He sat down beside her, but not near. She leaned forward with her elbows on her knees, and her head propped on her clenched hands. She did not look at him as she spoke.
"I said I didn't care, because I thought that was the easiest way out of it. Easiest for you. So much easier than knowing the truth."
He smiled grimly.
"Well, you see how easy it's been."
"Yes." She paused. "The truth isn't going to be easy either."
"Let's have it, all the same, Kitty."
"You're going to have it." She paused again, breathing hard. "Have you never wondered why the people here avoided me? You know they thought things."
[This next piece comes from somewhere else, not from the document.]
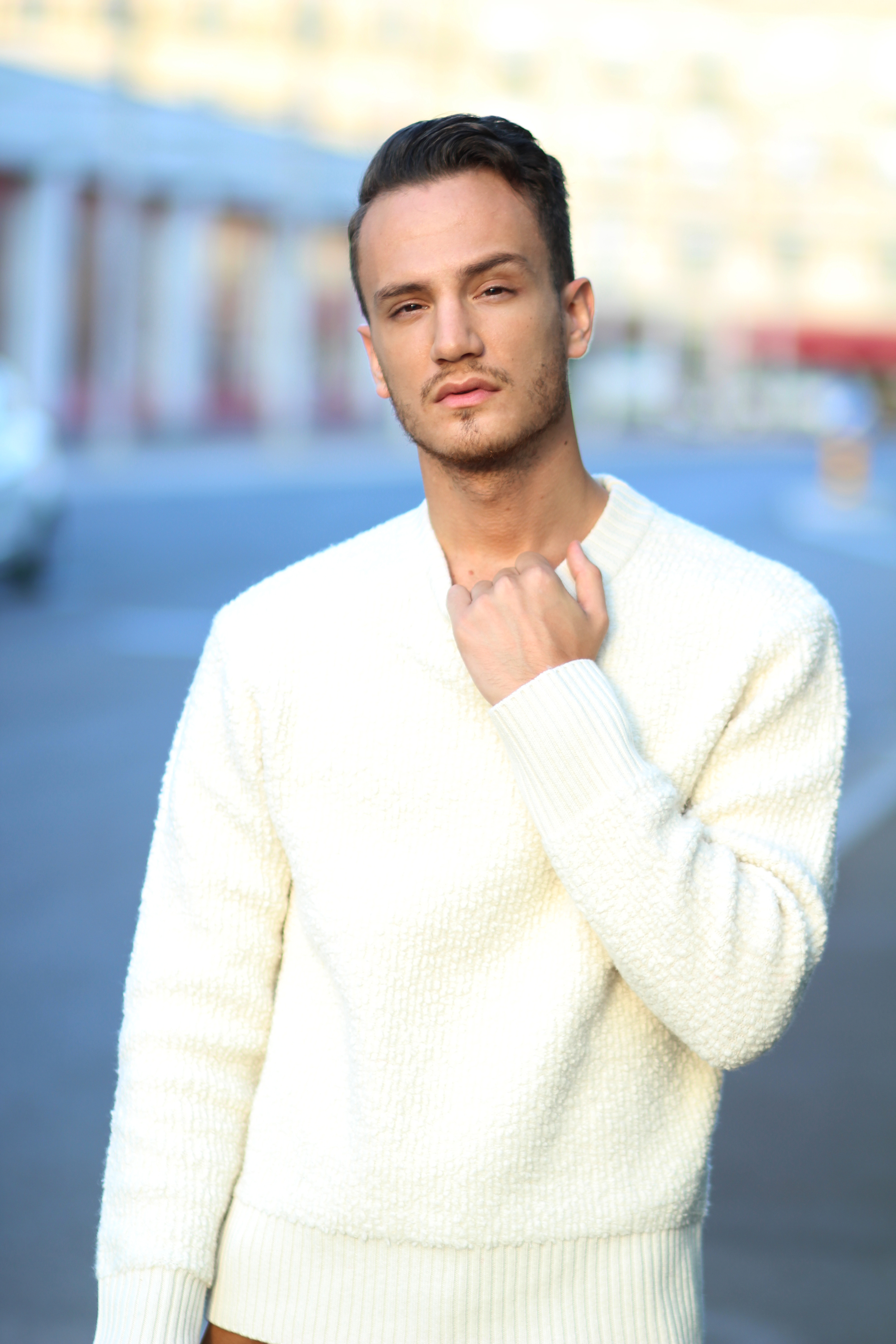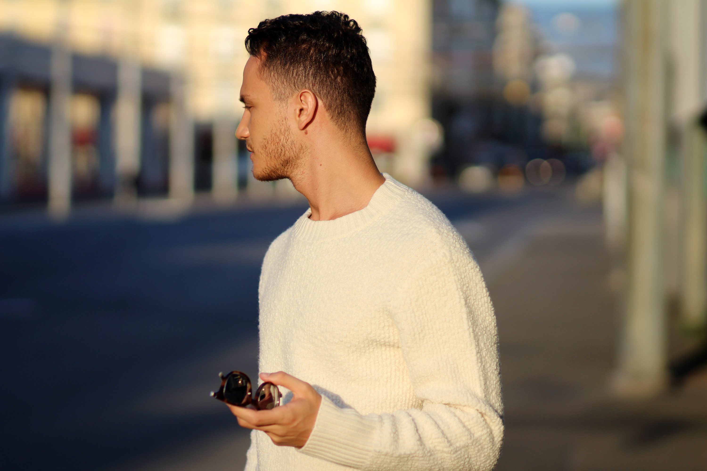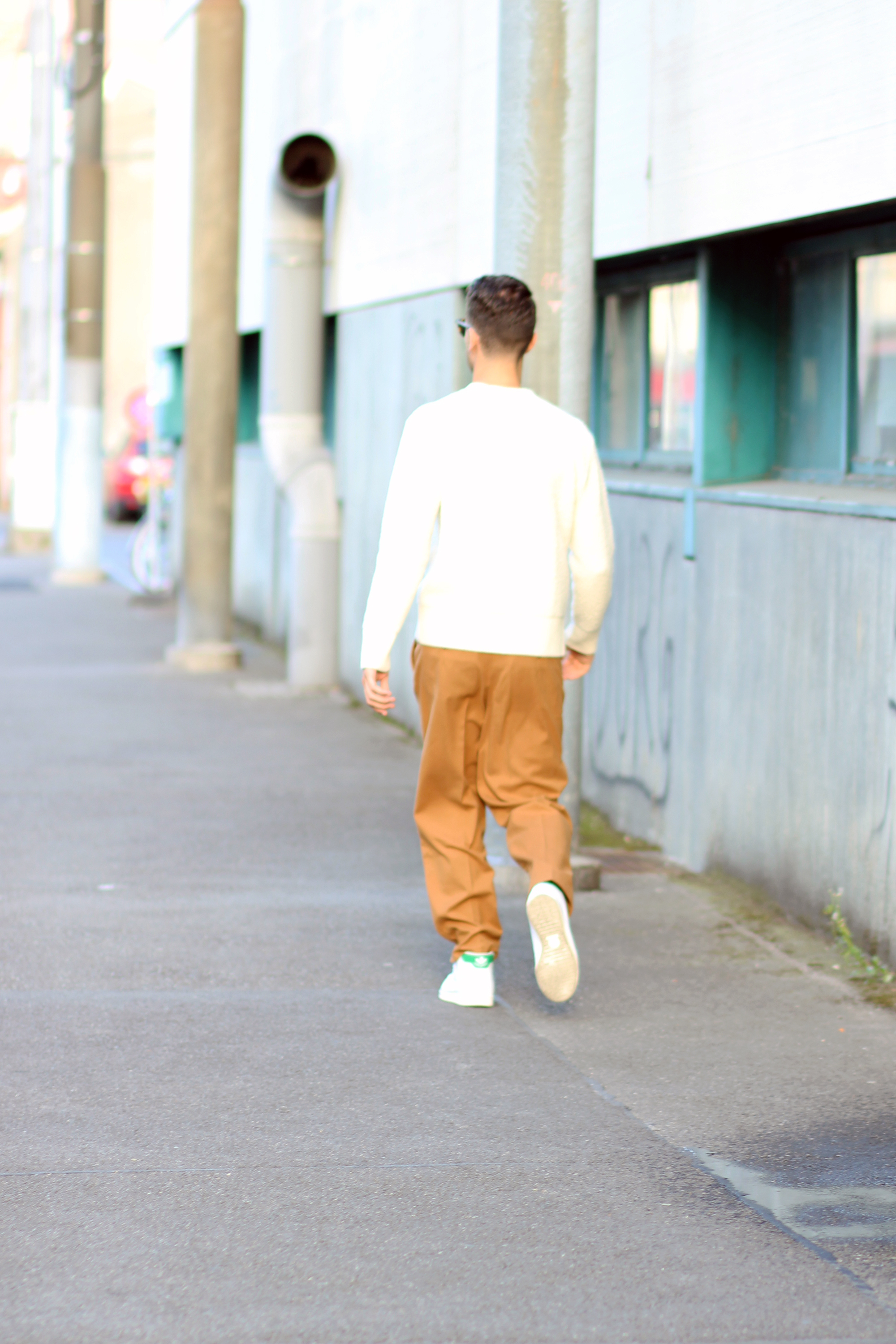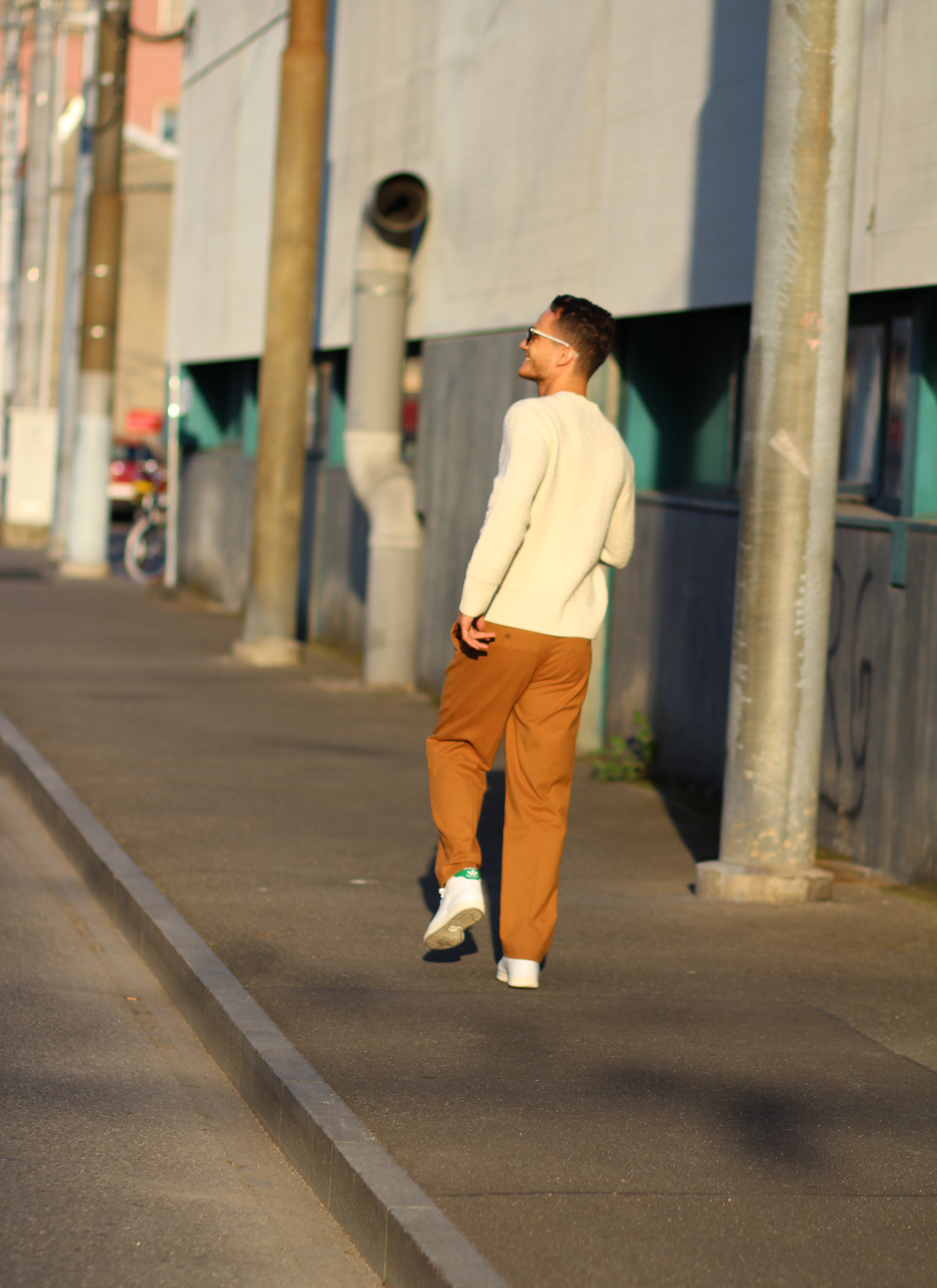 The camel overcoat is very thin, therefore perfectly complements the thickness of the sweater. Light and warm at the same time, the comfort that comes with wearing baggy trousers once again freed my movements while shooting.

"As if it mattered what they thought."
"They were right. There _was_ something."
She heard him draw a deep breath. He, too, leaned forward now, in the same att.i.tude as she, as if he were the partic.i.p.ator of her confession, and the accomplice of her shame. His face was level with hers, but his eyes looked straight past her, untainted and clear.
"What if there was?" he said. "It makes no difference."
She turned her sad face to his.
"Don't you know, Robert? Don't you know?"
He frowned impatiently.
"No, I don't. I don't want to."
"You'd rather think I didn't care for you?"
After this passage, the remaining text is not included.